Limpos e com bom hálito, iam para o setor médico. Lá eram totalmente examinados, da ponta do dedo do pé ao fio de cabelo da cabeça, buscando por doenças e imperfeições. Se preciso fosse, cirurgias eram feitas e remédios eram administrados. Mas lá na fábrica eram diferentes. Ela dispunha de tecnologia única, na qual as cirurgias não duravam mais que 1 minuto qualquer que fosse ela, e os remédios faziam efeito definitivo em 30 segundos, não precisando de outras doses. Curados dos males que possuíssem iam para o setor de estética. Lipo-aspiração, plástica de nariz, alisamento de cabelos, implantação de cilicone, correção imediata de desvios na coluna, eram uns dos serviços daquele setor. Tudo com a mesma tecnologia do setor médico. Rápido e indolor. De uma forma ou de outra todos de lá saíam bonitos.

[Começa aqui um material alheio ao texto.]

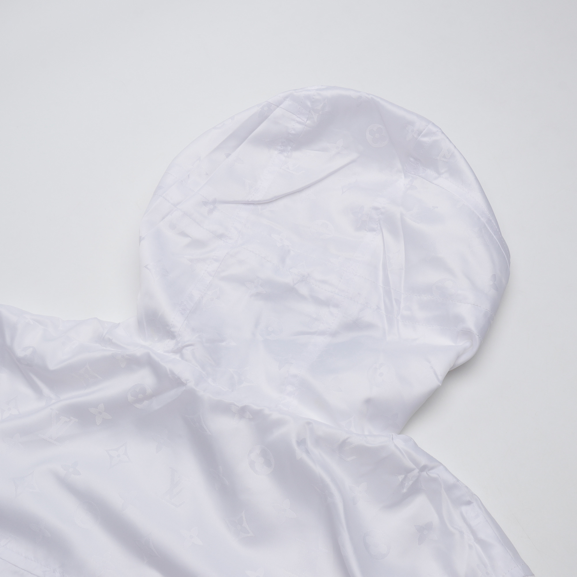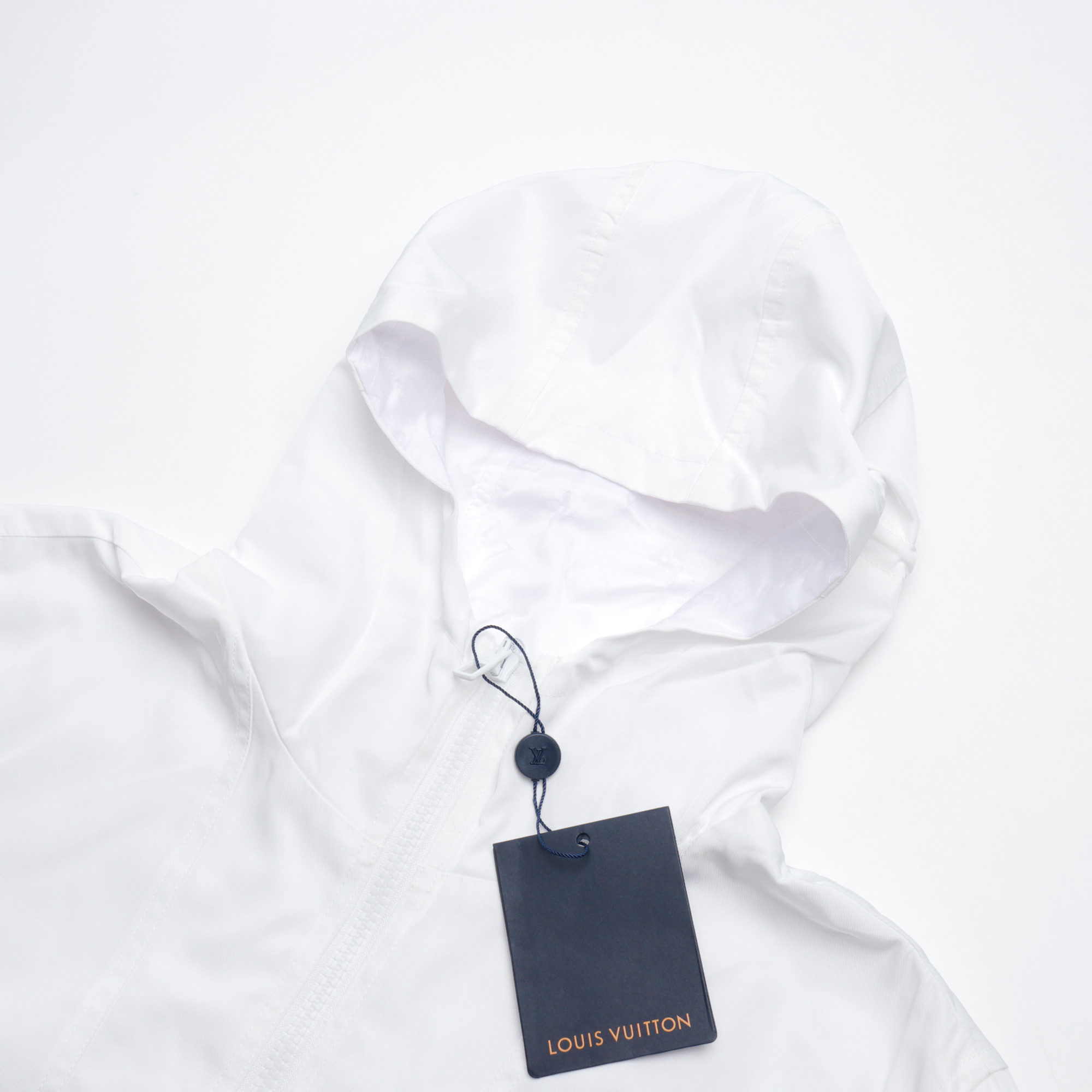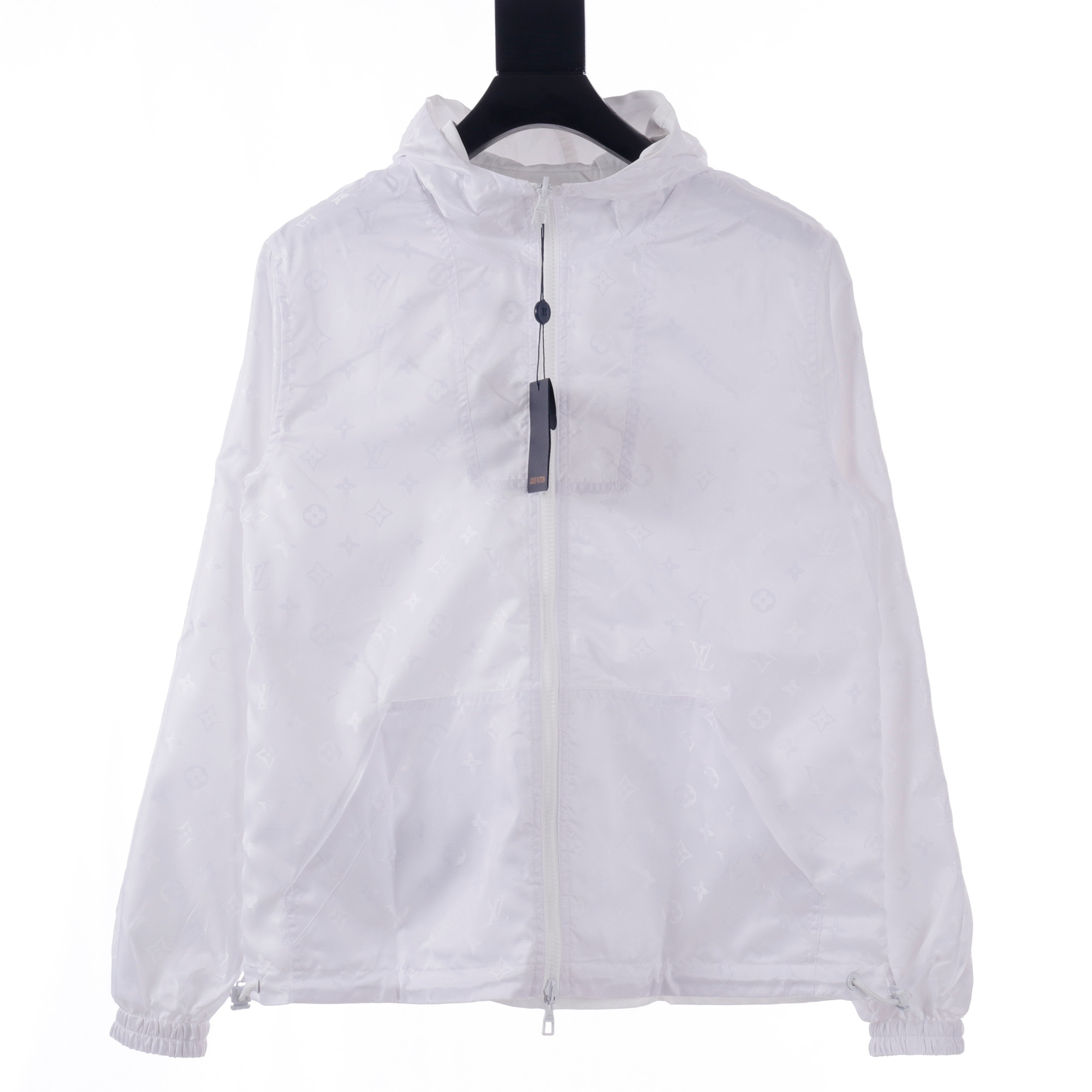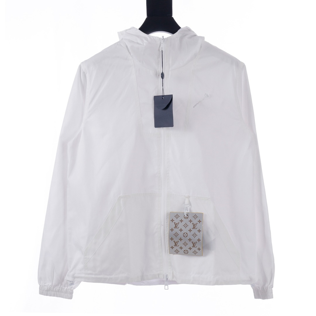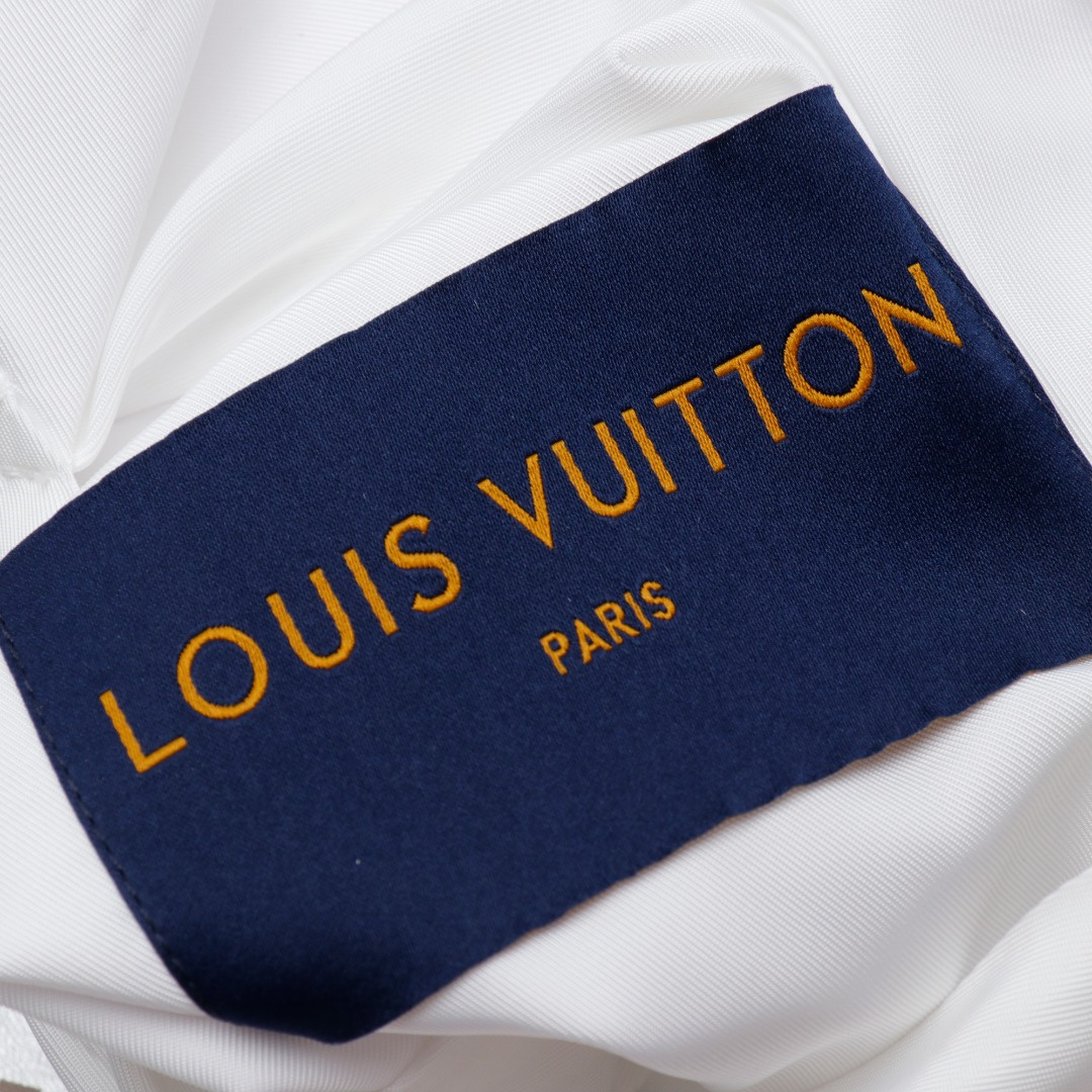 LouisVuitton/路易威登LV暗紋提花雙面穿夾克沖鋒衣外套雙面穿夾克,分為純色面和滿logo提花面,兩種風格隨意切換,款式不需多說,低調奢華,雙面都帶走LV經典元素,寬松版型,上身休閒舒適.僅胸口五金裝飾,五金可拆卸,里外五金全部雙面刻字,原版一致去定制定染.衣身同色無色差,工費昂貴.里布為真絲提花面布,經典滿幅logo提花工藝,全部需要織上去,工藝成本極高.

O setor de vestuário era um dos mais espetaculares. As roupas reprocessadas, viravam peças dignas de desfiles de modas. Eram escolhidas por computador de acordo com o perfil físico de cada um, combinando cores e estilos. Os calçados da mesma forma. Os acessórios também. Era uma maravilha. Depois de vestidos devidamente, eles eram encaminhados para um imenso refeitório que mais parecia restaurante, onde eram instruídos em etiqueta e gostos variados. Eram servidos com pratos internacionais, e ao mesmo tempo instruídos em história e geografia do local de onde se originou a refeição. Era um banquete. Telões apresentavam os assuntos e microcâmeras acompanhavam cada um, avisando dos movimentos e condutas erradas na mesa. Monitores situavam-se estrategicamente por perto, lembrando a todos do melhor comportamento. Ninguém podia deixar de aprender. Depois de alimentados e educados, eles iam para o setor de seleção. Lá era coletado o DNA de cada um e analisada as tendências para o trabalho. Se podiam ser comunicativos, bons com números, analíticos, decisores, dinâmicos, o DNA informava. Daí eram encaminhados para as salas de treinamento instantâneo. Em 10 minutos, através de métodos desenvolvidos no departamento de pesquisa educacional da fábrica, eles eram preparados para exercerem profissões diversas. Depois eram encaminhados para o setor de despacho, onde atenciosas assistentes sociais explicavam o emprego que estava a sua espera, vindo dos convênios que a fábrica tinha em todo o mundo. Em 50 minutos no máximo, incluindo o tempo de repetição, eles saiam de lá limpos, curados, vestidos, alimentados, educados, treinados e empregados.


Era um sucesso ! Todos os dias uma multidão se aglomerava na porta da fábrica em busca de uma oportunidade. Dizem até que o seu presidente, num discurso entusiasmado na festa do primeiro mês de operação, disse que já haviam interesses de instalar unidades na África e em toda América Latina. Mas com o passar dos meses, foi notada uma certa caída no movimento. Em um ano já não ia ninguém na porta, o que levou a inauguração de um novo serviço: A captação móvel. Enormes Vans saíam pela cidade em busca de matéria prima, que pasmem, escondiam-se como podiam. Como nem todos tinham a mesma sorte, alguns eram colocados naqueles carros e levados para a fábrica ao som de música clássica no mais alto volume. Mas infelizmente, nem mesmo esse arrojado serviço foi capaz de impedir o completo desaparecimento da matéria-prima da fábrica. Em dois anos, ela faliu. Todos os mendigos e desafortunados mudaram-se para bem longe dela. Tão longe quanto puderam. Alguns até foram para outros países.

- Não sei como isso pôde acontecer, dizia um aposentado inconformado com a perda da esperança de arrumar uma ocupação. Era uma fábrica tão boa... Quanto benefício ela gerou ! Quantos homens de bem ela fez para a sociedade ! Ela seria uma multinacional ! O que pode ter dado errado ? O que ela pode ter esquecido ?

- As almas ! Respondeu o amigo enquanto jogava com o cavalo no velho tabuleiro de xadrez. Ela esqueceu das almas.